### Your task:
Transcribe all the data below exactly, leaving its pictures out.

### Exercise data:

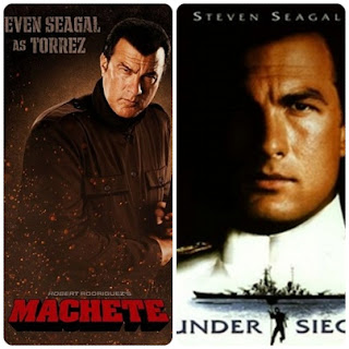 擁有合氣道黑帶七段的武打明星史蒂芬席格 (Steven Seagal),從1990 "殺不死的勇者" (Hard to Kill)到1992與1995主演的 "魔鬼戰將1、2" (Under Siege)叫好又叫座,當時與席維史特龍、阿諾史瓦辛格、布魯斯威利等紅星同列一線動作巨星。可惜好景不常,在1996年的 "747絕地悍將" (Executive Decision)裡,飾演特種部隊指揮官,在空中偷登被挾持的飛機時就被強風吹走,開演半小時就畢業,成為短命的配角;在2010的B級片 "彎刀"(Machete)裡,不但是配角,還演反派,結局當然不得好死。史蒂芬席格是個怪咖,篤信藏傳佛教,從帥氣到快速發福,每年還是拖著肥胖之身推出動作片,不但劇情差,武打招式也千篇一律;台灣影迷只有在電視、網路或DVD出租店才看得到這位曾經紅過的偶像明星。
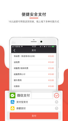 4、便捷安全支付,16元起即可帮您送货到家,线上线下多种付款方式
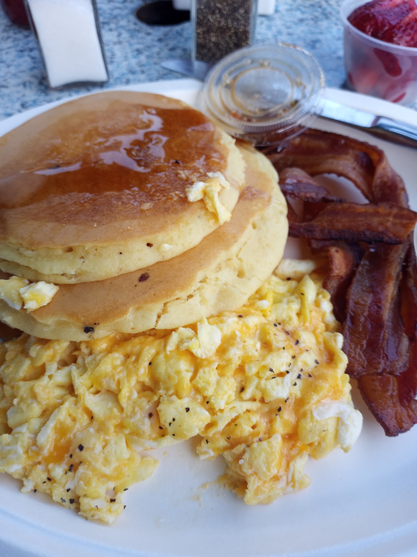 Read moreOh wow. Where to begin? I should say that I was the patient one at our table. Holiday weekend, gonna take a while to get our food. Lots of friends in the restaurant world. "Just have a little patience," I told my table. Then we saw a table that sat down 15 minutes after we did get their food. The bros that sat down 20+ minutes before we did? They got their food before we saw any of ours. And when the food came. The order of bacon? Missing. The home fries? Missing. An order of eggs? Missing. That's a lot of absent food for a 5-top. And we should not need to remind them what we ordered. Best part? The fruit salad that was chock full...
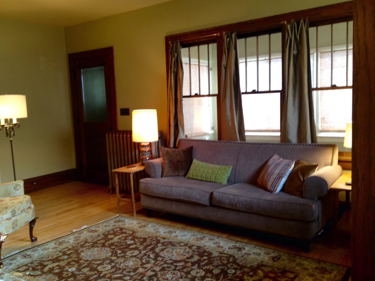 Acogedor, soleado, apartamento de nivel inferior. Barrio de primer nivel de mansiones históricas, ideal para caminar, montar en bicicleta o correr. Cocina americana totalmente equipada con encimeras de granito, lavavajillas y electrodomésticos de acero inoxidable. Espacio de trabajo dedicado y wifi de alta velocidad. La habitación adicional puede servir como segundo dormitorio privado con sofá cama extraíble. Cuarto de la colada compartido, pero por lo demás el lugar es tuyo solo con tu propia entrada. Nota: Este es un apartamento en el sótano.
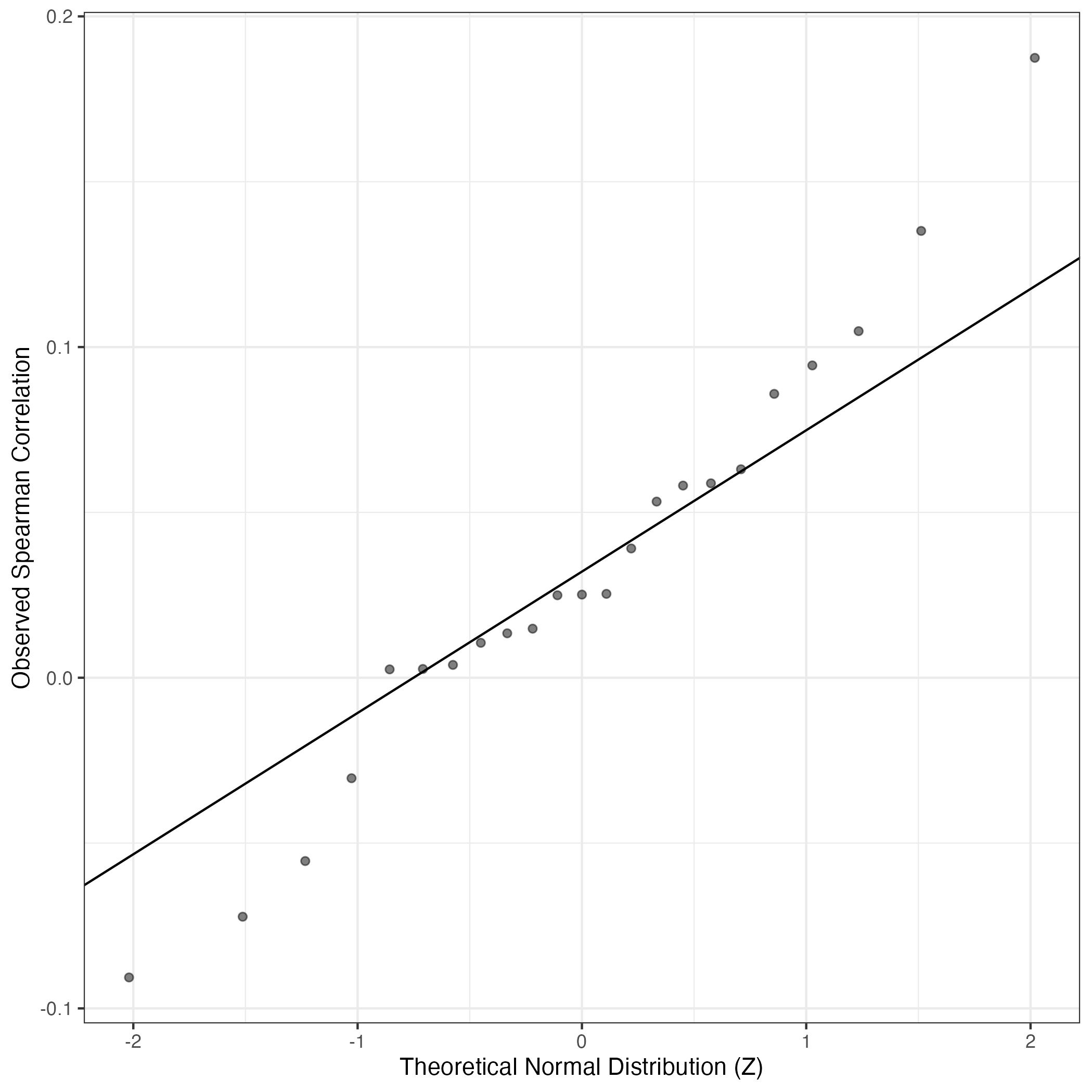 A similar QQ-plot as above, but only for instances where the H value is e.g. > 25, i.e. we are confident that the expression program is active above noise. Agreemenet between these binary vectors is tested using the Jaccard Index, with the P-values calculated by an exact test:
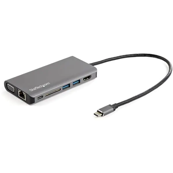 | StarTech.com USB C Multiport Adapter, USB-C Mini Travel Dock with 4K HDMI or 1080p VGA, 3x USB 3.0 Hub, SD, GbE, Audio, 100W PD Pass-Through, Portable Docking Station for Laptop/Tablet - USB 3.0 Mini Dock (DKT30CHVAUSP) | ||||
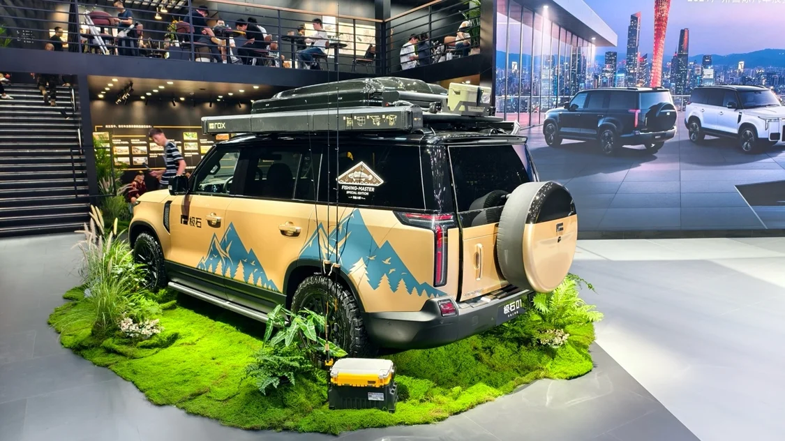 极石01“钓鱼大师版”,专为路亚钓鱼爱好者量身定制,此前已在成都车展亮相。其改装套件集车顶帐篷、侧边天幕、尾门厨房系统、淋浴帐篷、加压水箱及魔盒套件于一体,全面满足户外钓鱼生活的需求。外观上,独特的“沙漠暖金”车色搭配“峰林傲翔”拉花元素,彰显出车辆的个性与魅力,完美融合了户外生活与时尚元素。
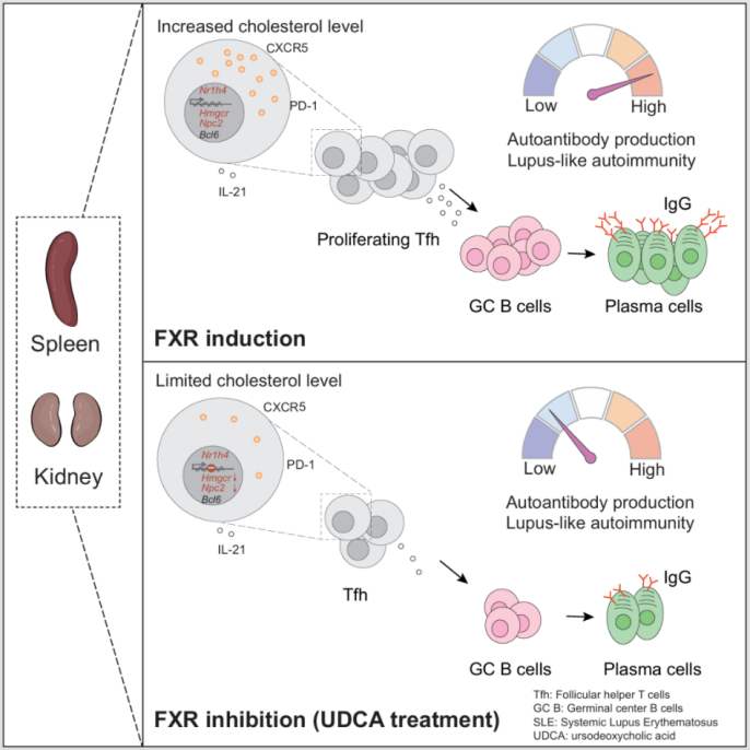 研究发现,FXR在 Tfh 细胞中相对上调。Fxr 缺失可在稳态和Pristine诱导的狼疮模型中显著抑制 Tfh 细胞的扩增,导致生发中心功能障碍、血浆细胞数量减少和自身抗体减少,最终有效减轻pristane诱导的狼疮模型中肾脏、肝脏的狼疮病理学症状。进一步的研究表明,FXR 通过细胞内源性调节 Tfh 细胞的胆固醇稳态,进而控制 Tfh 细胞的增殖。最后,在临床前治疗中,使用FDA批准的药物FXR拮抗剂熊去氧胆酸(UDCA)治疗MRL/LPR狼疮自发模型小鼠,发现其可通过抑制Tfh细胞的扩增、GC反应和自身抗体产生,缓解狼疮病理学症状,这些发现为将 FXR 作为 SLE 的潜在治疗靶点提供了依据。

### Problem solution:
 擁有合氣道黑帶七段的武打明星史蒂芬席格 (Steven Seagal),從1990 "殺不死的勇者" (Hard to Kill)到1992與1995主演的 "魔鬼戰將1、2" (Under Siege)叫好又叫座,當時與席維史特龍、阿諾史瓦辛格、布魯斯威利等紅星同列一線動作巨星。可惜好景不常,在1996年的 "747絕地悍將" (Executive Decision)裡,飾演特種部隊指揮官,在空中偷登被挾持的飛機時就被強風吹走,開演半小時就畢業,成為短命的配角;在2010的B級片 "彎刀"(Machete)裡,不但是配角,還演反派,結局當然不得好死。史蒂芬席格是個怪咖,篤信藏傳佛教,從帥氣到快速發福,每年還是拖著肥胖之身推出動作片,不但劇情差,武打招式也千篇一律;台灣影迷只有在電視、網路或DVD出租店才看得到這位曾經紅過的偶像明星。
 4、便捷安全支付,16元起即可帮您送货到家,线上线下多种付款方式
 Read moreOh wow. Where to begin? I should say that I was the patient one at our table. Holiday weekend, gonna take a while to get our food. Lots of friends in the restaurant world. "Just have a little patience," I told my table. Then we saw a table that sat down 15 minutes after we did get their food. The bros that sat down 20+ minutes before we did? They got their food before we saw any of ours. And when the food came. The order of bacon? Missing. The home fries? Missing. An order of eggs? Missing. That's a lot of absent food for a 5-top. And we should not need to remind them what we ordered. Best part? The fruit salad that was chock full...
 Acogedor, soleado, apartamento de nivel inferior. Barrio de primer nivel de mansiones históricas, ideal para caminar, montar en bicicleta o correr. Cocina americana totalmente equipada con encimeras de granito, lavavajillas y electrodomésticos de acero inoxidable. Espacio de trabajo dedicado y wifi de alta velocidad. La habitación adicional puede servir como segundo dormitorio privado con sofá cama extraíble. Cuarto de la colada compartido, pero por lo demás el lugar es tuyo solo con tu propia entrada. Nota: Este es un apartamento en el sótano.
 A similar QQ-plot as above, but only for instances where the H value is e.g. > 25, i.e. we are confident that the expression program is active above noise. Agreemenet between these binary vectors is tested using the Jaccard Index, with the P-values calculated by an exact test:
 | StarTech.com USB C Multiport Adapter, USB-C Mini Travel Dock with 4K HDMI or 1080p VGA, 3x USB 3.0 Hub, SD, GbE, Audio, 100W PD Pass-Through, Portable Docking Station for Laptop/Tablet - USB 3.0 Mini Dock (DKT30CHVAUSP) | ||||
 极石01“钓鱼大师版”,专为路亚钓鱼爱好者量身定制,此前已在成都车展亮相。其改装套件集车顶帐篷、侧边天幕、尾门厨房系统、淋浴帐篷、加压水箱及魔盒套件于一体,全面满足户外钓鱼生活的需求。外观上,独特的“沙漠暖金”车色搭配“峰林傲翔”拉花元素,彰显出车辆的个性与魅力,完美融合了户外生活与时尚元素。
 研究发现,FXR在 Tfh 细胞中相对上调。Fxr 缺失可在稳态和Pristine诱导的狼疮模型中显著抑制 Tfh 细胞的扩增,导致生发中心功能障碍、血浆细胞数量减少和自身抗体减少,最终有效减轻pristane诱导的狼疮模型中肾脏、肝脏的狼疮病理学症状。进一步的研究表明,FXR 通过细胞内源性调节 Tfh 细胞的胆固醇稳态,进而控制 Tfh 细胞的增殖。最后,在临床前治疗中,使用FDA批准的药物FXR拮抗剂熊去氧胆酸(UDCA)治疗MRL/LPR狼疮自发模型小鼠,发现其可通过抑制Tfh细胞的扩增、GC反应和自身抗体产生,缓解狼疮病理学症状,这些发现为将 FXR 作为 SLE 的潜在治疗靶点提供了依据。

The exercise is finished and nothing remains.